• _Dataset excerpts_:
^^^^^^^^^^^^^^^^

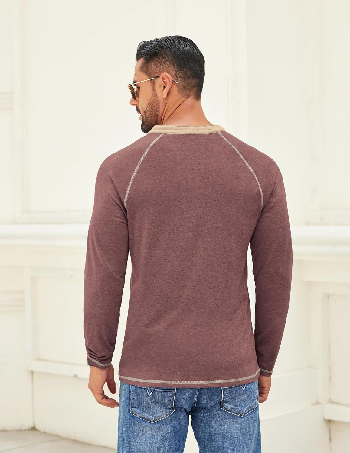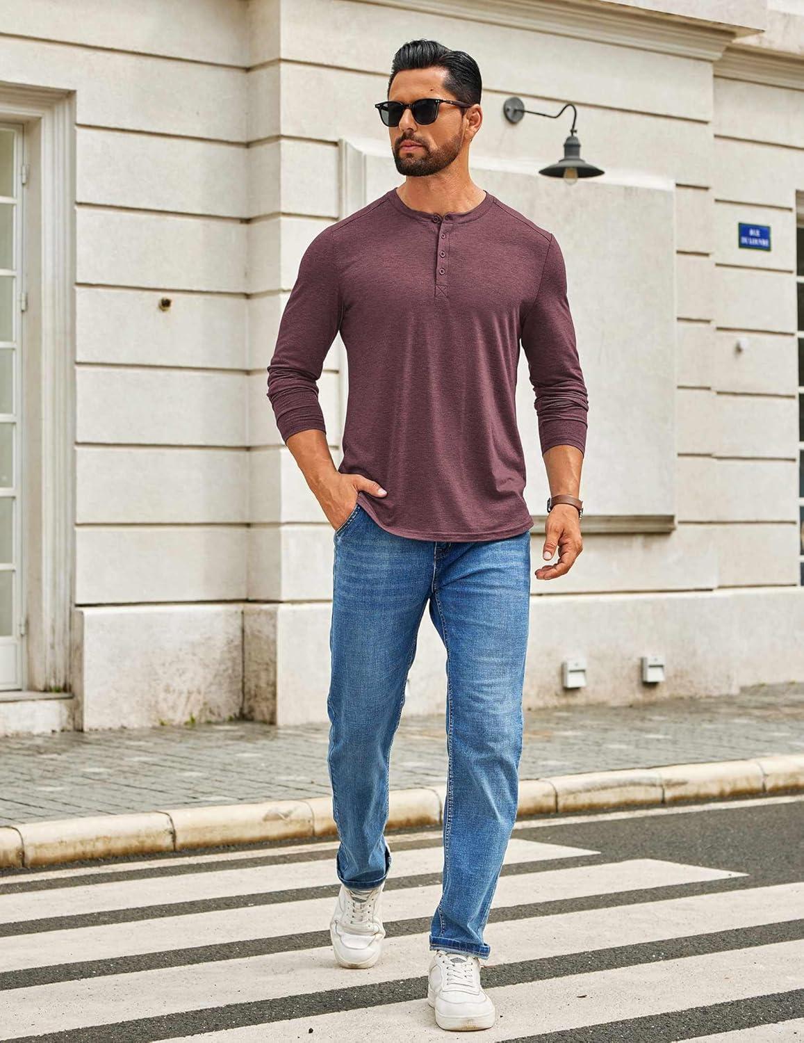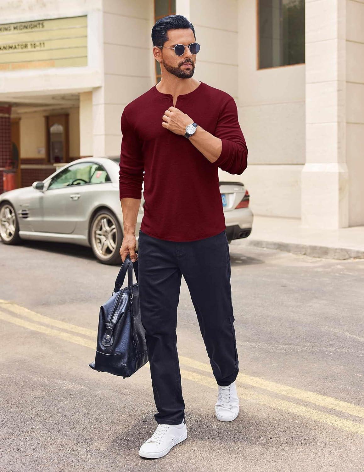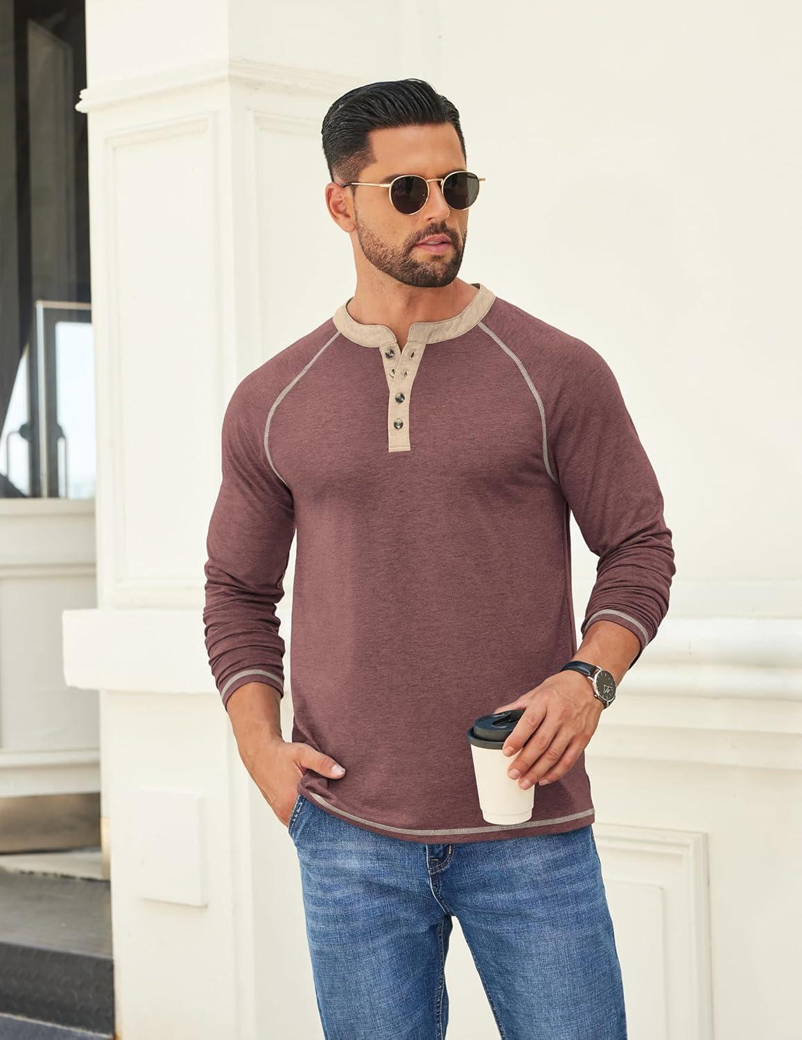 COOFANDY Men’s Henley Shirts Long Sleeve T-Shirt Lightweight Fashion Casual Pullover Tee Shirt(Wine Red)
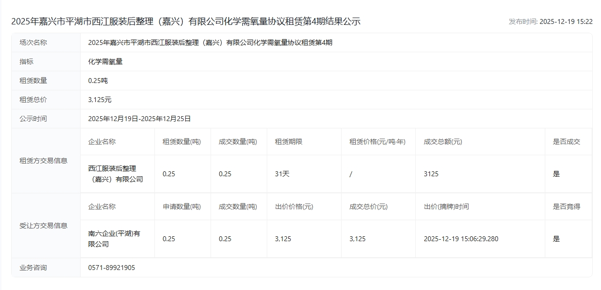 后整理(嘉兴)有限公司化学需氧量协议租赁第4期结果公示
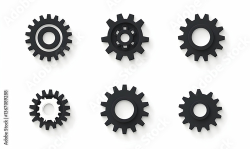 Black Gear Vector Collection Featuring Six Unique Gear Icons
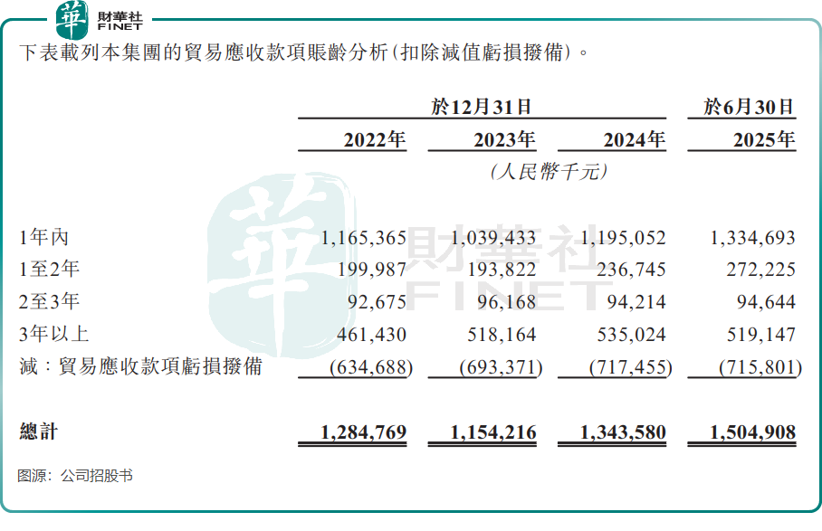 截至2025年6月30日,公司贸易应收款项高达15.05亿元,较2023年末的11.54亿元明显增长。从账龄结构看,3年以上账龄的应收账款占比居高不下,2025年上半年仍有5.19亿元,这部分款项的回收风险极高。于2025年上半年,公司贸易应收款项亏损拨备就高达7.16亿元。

^^^^^^^^^^^^^^^^

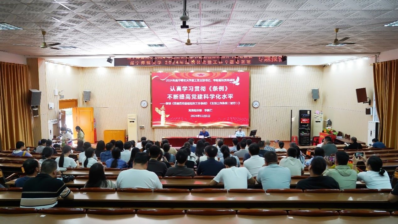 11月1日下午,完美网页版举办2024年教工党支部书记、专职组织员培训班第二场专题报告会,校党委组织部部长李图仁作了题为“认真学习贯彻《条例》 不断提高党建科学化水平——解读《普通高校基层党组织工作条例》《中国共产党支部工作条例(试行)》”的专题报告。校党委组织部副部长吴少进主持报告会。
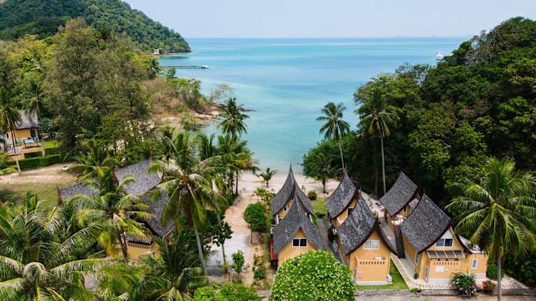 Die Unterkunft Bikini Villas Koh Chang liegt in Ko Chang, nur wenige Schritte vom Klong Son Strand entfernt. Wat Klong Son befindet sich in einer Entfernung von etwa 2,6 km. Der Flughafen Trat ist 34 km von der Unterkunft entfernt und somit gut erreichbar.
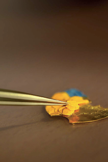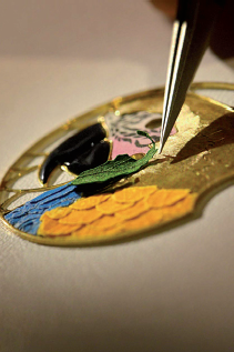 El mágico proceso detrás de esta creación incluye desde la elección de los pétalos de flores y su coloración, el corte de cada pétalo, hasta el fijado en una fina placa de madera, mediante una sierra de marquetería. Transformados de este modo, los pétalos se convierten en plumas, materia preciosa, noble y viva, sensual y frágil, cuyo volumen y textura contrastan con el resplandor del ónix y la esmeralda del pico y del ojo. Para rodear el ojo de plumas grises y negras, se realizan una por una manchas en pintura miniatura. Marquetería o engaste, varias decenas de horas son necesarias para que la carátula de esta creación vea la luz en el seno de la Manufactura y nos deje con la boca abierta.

^^^^^^^^^^^^^^^^

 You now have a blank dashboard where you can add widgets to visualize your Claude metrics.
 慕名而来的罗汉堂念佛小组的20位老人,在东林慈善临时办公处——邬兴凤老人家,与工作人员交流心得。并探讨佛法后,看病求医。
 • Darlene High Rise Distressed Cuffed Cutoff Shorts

^^^^^^^^^^^^^^^^

• _Prompt_: Return exactly the stretch above whose first line contains "11月1日下午,完美网页版举" and whose last line contains "Die Unterkunft Bikini", and nothing outside it. The pictures should not appear.

• _Reply_:
 11月1日下午,完美网页版举办2024年教工党支部书记、专职组织员培训班第二场专题报告会,校党委组织部部长李图仁作了题为“认真学习贯彻《条例》 不断提高党建科学化水平——解读《普通高校基层党组织工作条例》《中国共产党支部工作条例(试行)》”的专题报告。校党委组织部副部长吴少进主持报告会。
 Die Unterkunft Bikini Villas Koh Chang liegt in Ko Chang, nur wenige Schritte vom Klong Son Strand entfernt. Wat Klong Son befindet sich in einer Entfernung von etwa 2,6 km. Der Flughafen Trat ist 34 km von der Unterkunft entfernt und somit gut erreichbar.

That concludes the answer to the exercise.